What this task involves: Drop the pictures from the entries below, then reproduce the rest exactly.

Record extracts:
+ + + + +

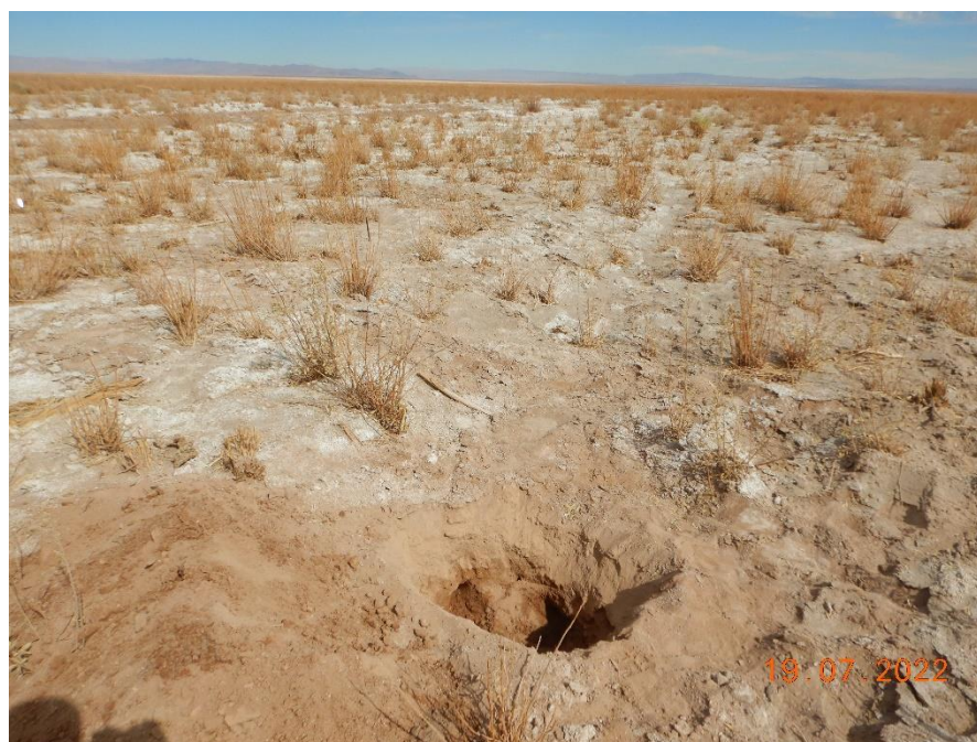
Figura 1-47. Fotografía punto de monitoreo L2-28 campaña Trimestre 3 año 2022.
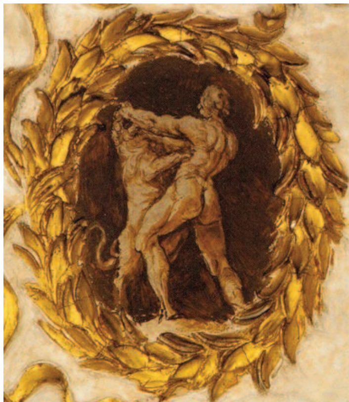
Fig. 8 Annibale Carracci, Ercole e il leone di Nemea , affresco, Bologna, palazzo Sampieri-Talon, seconda sala.
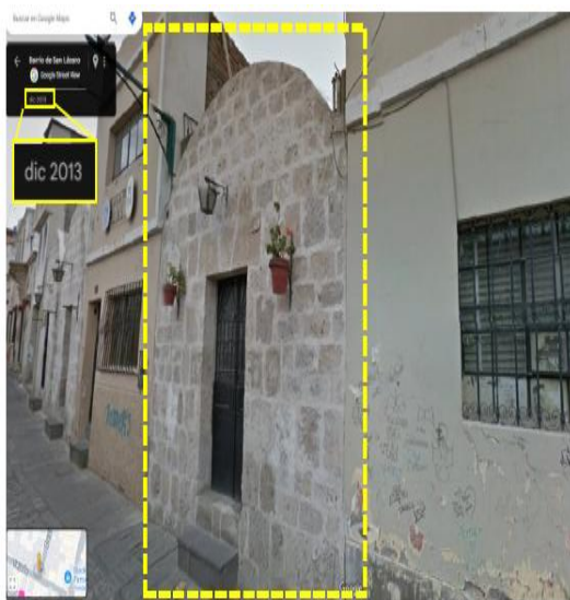
Imagen de Google Earth de diciembre del año 2013, en la cual se aprecia el estado del inmueble, previo a los trabajos ejecutados
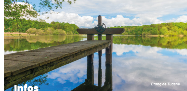
Étang de Tuasne

Chapelle de l'Hôpital Située sur le chemin des croisades menant à Saint-Jacques-de-Compostelle, Saint-Martin de Tours et le Mont-Saint-Michel, elle était sous la dépendance de la commanderie d'Amboise. Dirigée par les Templiers puis par les moines hospitaliers de l'Ordre de Malte, elle est restée un lieu de refuge et d'hospitalité pendant 300 ans. Construite plus récemment, la petite chapelle était un lieu de pèlerinage et de procession jusqu'à la Seconde Guerre Mondiale. Chaque année, de nombreux enfants y étaient guéris de leurs maux et de leurs peurs. Site privé.
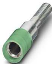
Prüfsteckerbuchse, Farbe: grün

https://www.phoenixcontact.com/de/produkte/0303370
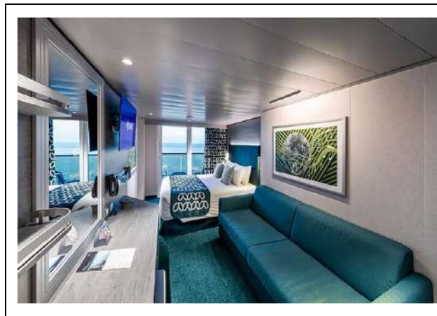
(海景露台房 - BR)
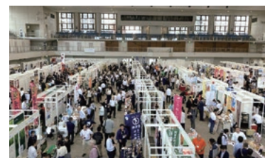
▲Food EXPO Kyushu
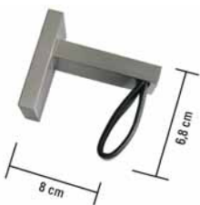
Metall, mit Metallmontageplatte und Kunstlederschlaufe
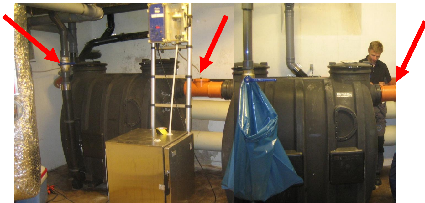
Provpunkterna är markerade med röda pilar i bilden ovan. OBS! Fotomontage.

Inför installationen av avfallskvarn och slamtank tömdes fettavskiljaren och anslutande ledningar renspolades. Vattenprover togs tidsstyrt på tre punkter i anläggningen: inkommande till slamtanken, mellan slamtank och fettavskiljaren samt utgående från fettavskiljaren. Provtagningarna genomfördes som dygns- eller dagsprovtagningar och pågick då under den tid det var verksamhet i restaurangen. Vid samtliga provpunkter användes vakuumprovtagare och proverna kylförvarades på plats i anläggningen samt under leverans till laboratoriet. Samtliga provpunkter är placerade på sådant sätt att inget vatten finns tillgängligt för provtagning under de perioder då vatten inte lämnar anläggningen. Proverna analyserades av Eurofins med avseende på suspenderat material, biologisk och kemisk syreförbrukning, totalfosfor, totalkväve samt avskiljbart fett.
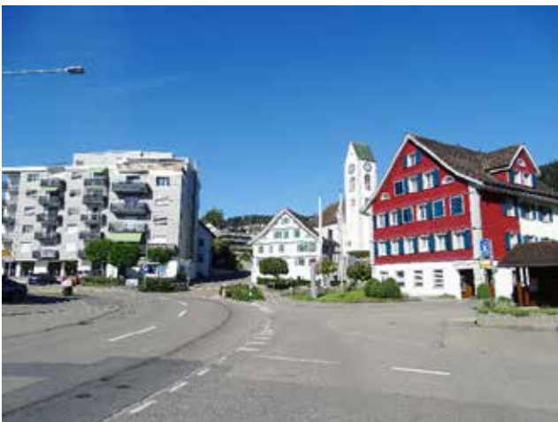
Traditioneller Dorfkern / Zentrum Tuggen heute

Ein gut erhaltener Dorfkern und ein belebtes Zentrum machen eine Gemeinde attraktiv. Der Dorfcharakter und die traditionellen Häuser im Dorfkern machen die Gemeinde Tuggen aus. Der Dorfkern ist gleichzeitig das heutige Zentrum von Tuggen. Das Zentrum hat aber nur wenige Restaurants, Einkaufsmöglichkeiten und Geschäfte. Es gibt zudem fast keine Orte, um sich mit anderen Menschen zu treffen und Zeit zusammen zu verbringen. Auch einen Dorfplatz gibt es nicht. Stattdessen ist der Dorfkern auf den Verkehr ausgerichtet. So wie der Strassenraum heute gestaltet ist, ist das für Anwohner und für Leute, die sich im Zentrum aufhalten möchten, schlecht.

+ + + + +

Worked solution:
Figura 1-47. Fotografía punto de monitoreo L2-28 campaña Trimestre 3 año 2022.
Fig. 8 Annibale Carracci, Ercole e il leone di Nemea , affresco, Bologna, palazzo Sampieri-Talon, seconda sala.
Imagen de Google Earth de diciembre del año 2013, en la cual se aprecia el estado del inmueble, previo a los trabajos ejecutados
Étang de Tuasne

Chapelle de l'Hôpital Située sur le chemin des croisades menant à Saint-Jacques-de-Compostelle, Saint-Martin de Tours et le Mont-Saint-Michel, elle était sous la dépendance de la commanderie d'Amboise. Dirigée par les Templiers puis par les moines hospitaliers de l'Ordre de Malte, elle est restée un lieu de refuge et d'hospitalité pendant 300 ans. Construite plus récemment, la petite chapelle était un lieu de pèlerinage et de procession jusqu'à la Seconde Guerre Mondiale. Chaque année, de nombreux enfants y étaient guéris de leurs maux et de leurs peurs. Site privé.
Prüfsteckerbuchse, Farbe: grün

https://www.phoenixcontact.com/de/produkte/0303370
(海景露台房 - BR)
▲Food EXPO Kyushu
Metall, mit Metallmontageplatte und Kunstlederschlaufe
Provpunkterna är markerade med röda pilar i bilden ovan. OBS! Fotomontage.

Inför installationen av avfallskvarn och slamtank tömdes fettavskiljaren och anslutande ledningar renspolades. Vattenprover togs tidsstyrt på tre punkter i anläggningen: inkommande till slamtanken, mellan slamtank och fettavskiljaren samt utgående från fettavskiljaren. Provtagningarna genomfördes som dygns- eller dagsprovtagningar och pågick då under den tid det var verksamhet i restaurangen. Vid samtliga provpunkter användes vakuumprovtagare och proverna kylförvarades på plats i anläggningen samt under leverans till laboratoriet. Samtliga provpunkter är placerade på sådant sätt att inget vatten finns tillgängligt för provtagning under de perioder då vatten inte lämnar anläggningen. Proverna analyserades av Eurofins med avseende på suspenderat material, biologisk och kemisk syreförbrukning, totalfosfor, totalkväve samt avskiljbart fett.
Traditioneller Dorfkern / Zentrum Tuggen heute

Ein gut erhaltener Dorfkern und ein belebtes Zentrum machen eine Gemeinde attraktiv. Der Dorfcharakter und die traditionellen Häuser im Dorfkern machen die Gemeinde Tuggen aus. Der Dorfkern ist gleichzeitig das heutige Zentrum von Tuggen. Das Zentrum hat aber nur wenige Restaurants, Einkaufsmöglichkeiten und Geschäfte. Es gibt zudem fast keine Orte, um sich mit anderen Menschen zu treffen und Zeit zusammen zu verbringen. Auch einen Dorfplatz gibt es nicht. Stattdessen ist der Dorfkern auf den Verkehr ausgerichtet. So wie der Strassenraum heute gestaltet ist, ist das für Anwohner und für Leute, die sich im Zentrum aufhalten möchten, schlecht.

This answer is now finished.